Reproduce the section of the listing that begins at the line containing "Mariposa rosa en" and finishes at the line containing "Vi la tela y". Include both end lines and nothing beyond them.

▶ _Data for analysis_:
========

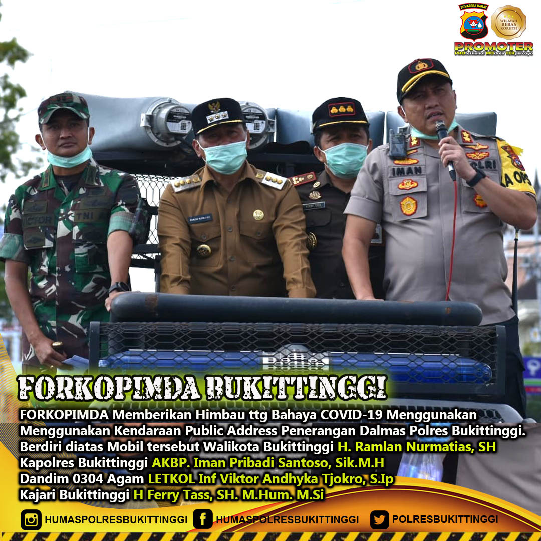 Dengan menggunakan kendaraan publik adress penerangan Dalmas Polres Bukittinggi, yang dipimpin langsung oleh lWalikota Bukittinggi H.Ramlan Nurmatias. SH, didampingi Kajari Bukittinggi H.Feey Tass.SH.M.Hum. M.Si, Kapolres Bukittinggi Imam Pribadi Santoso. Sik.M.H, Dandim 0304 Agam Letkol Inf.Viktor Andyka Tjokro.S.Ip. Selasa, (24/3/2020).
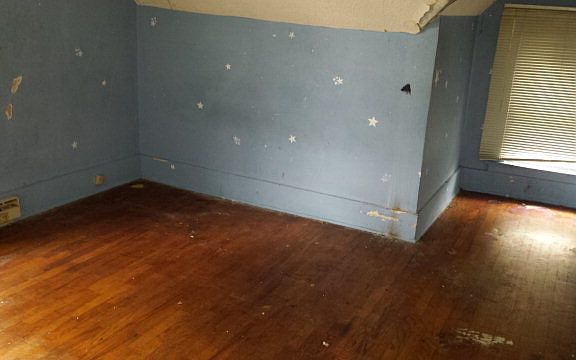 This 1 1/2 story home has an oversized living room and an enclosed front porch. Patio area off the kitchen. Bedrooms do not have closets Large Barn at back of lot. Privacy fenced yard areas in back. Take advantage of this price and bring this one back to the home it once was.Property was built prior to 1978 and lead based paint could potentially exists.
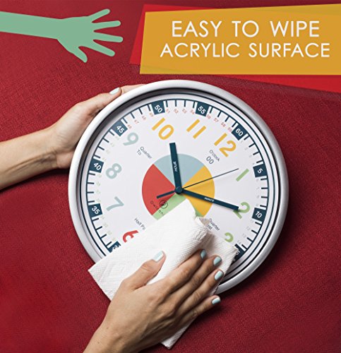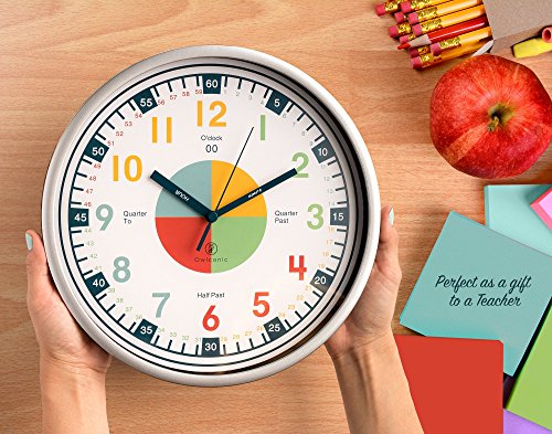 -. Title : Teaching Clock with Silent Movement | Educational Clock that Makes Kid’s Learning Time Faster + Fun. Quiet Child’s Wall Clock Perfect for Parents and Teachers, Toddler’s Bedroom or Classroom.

========

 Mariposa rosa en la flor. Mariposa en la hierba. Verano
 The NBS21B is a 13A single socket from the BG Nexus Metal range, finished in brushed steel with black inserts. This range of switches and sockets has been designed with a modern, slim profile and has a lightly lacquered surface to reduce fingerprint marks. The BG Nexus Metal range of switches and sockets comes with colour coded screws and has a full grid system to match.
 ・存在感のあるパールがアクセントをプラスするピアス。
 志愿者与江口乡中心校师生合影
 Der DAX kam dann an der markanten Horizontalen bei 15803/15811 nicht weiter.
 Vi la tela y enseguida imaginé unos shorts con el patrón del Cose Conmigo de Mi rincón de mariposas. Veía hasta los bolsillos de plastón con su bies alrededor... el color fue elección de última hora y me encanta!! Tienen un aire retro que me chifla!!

========

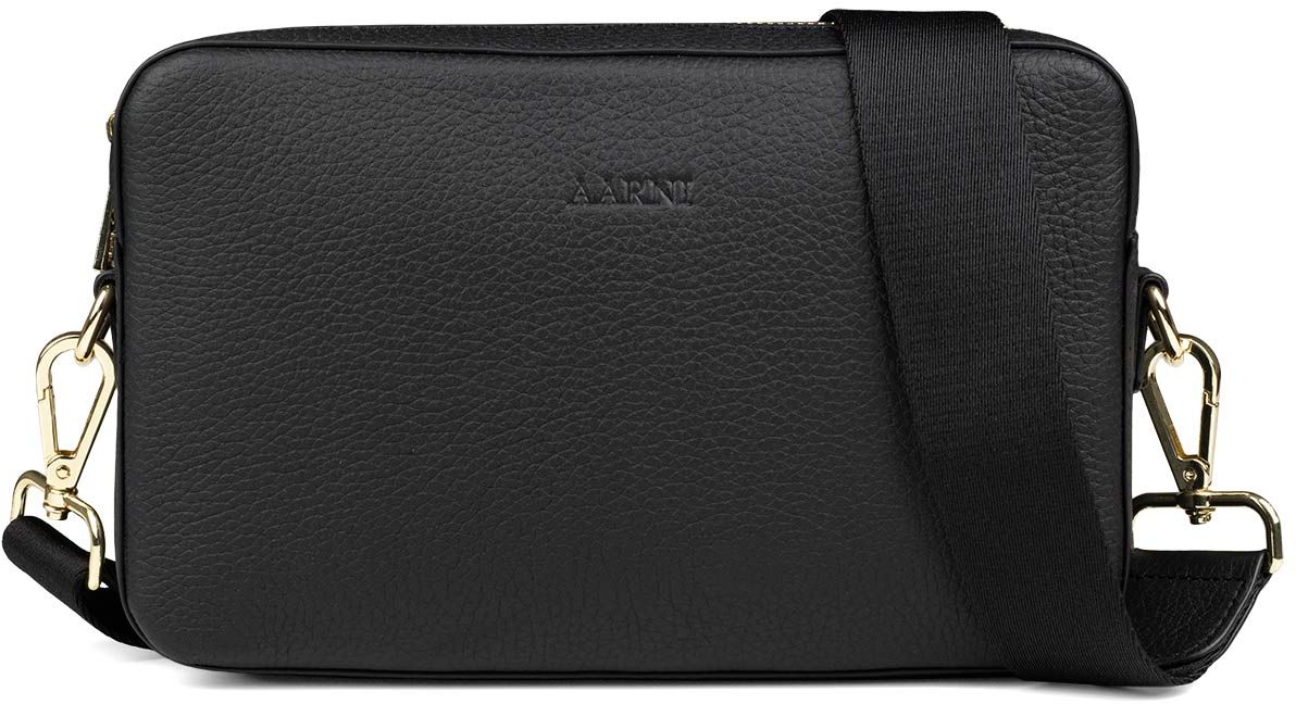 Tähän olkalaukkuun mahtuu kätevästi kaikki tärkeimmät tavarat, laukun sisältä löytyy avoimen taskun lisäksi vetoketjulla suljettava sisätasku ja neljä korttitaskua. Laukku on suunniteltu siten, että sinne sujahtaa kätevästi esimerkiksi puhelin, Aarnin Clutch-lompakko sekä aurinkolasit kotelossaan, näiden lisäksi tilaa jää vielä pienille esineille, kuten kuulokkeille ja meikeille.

========

▶ _Task solution_:
 Mariposa rosa en la flor. Mariposa en la hierba. Verano
 The NBS21B is a 13A single socket from the BG Nexus Metal range, finished in brushed steel with black inserts. This range of switches and sockets has been designed with a modern, slim profile and has a lightly lacquered surface to reduce fingerprint marks. The BG Nexus Metal range of switches and sockets comes with colour coded screws and has a full grid system to match.
 ・存在感のあるパールがアクセントをプラスするピアス。
 志愿者与江口乡中心校师生合影
 Der DAX kam dann an der markanten Horizontalen bei 15803/15811 nicht weiter.
 Vi la tela y enseguida imaginé unos shorts con el patrón del Cose Conmigo de Mi rincón de mariposas. Veía hasta los bolsillos de plastón con su bies alrededor... el color fue elección de última hora y me encanta!! Tienen un aire retro que me chifla!!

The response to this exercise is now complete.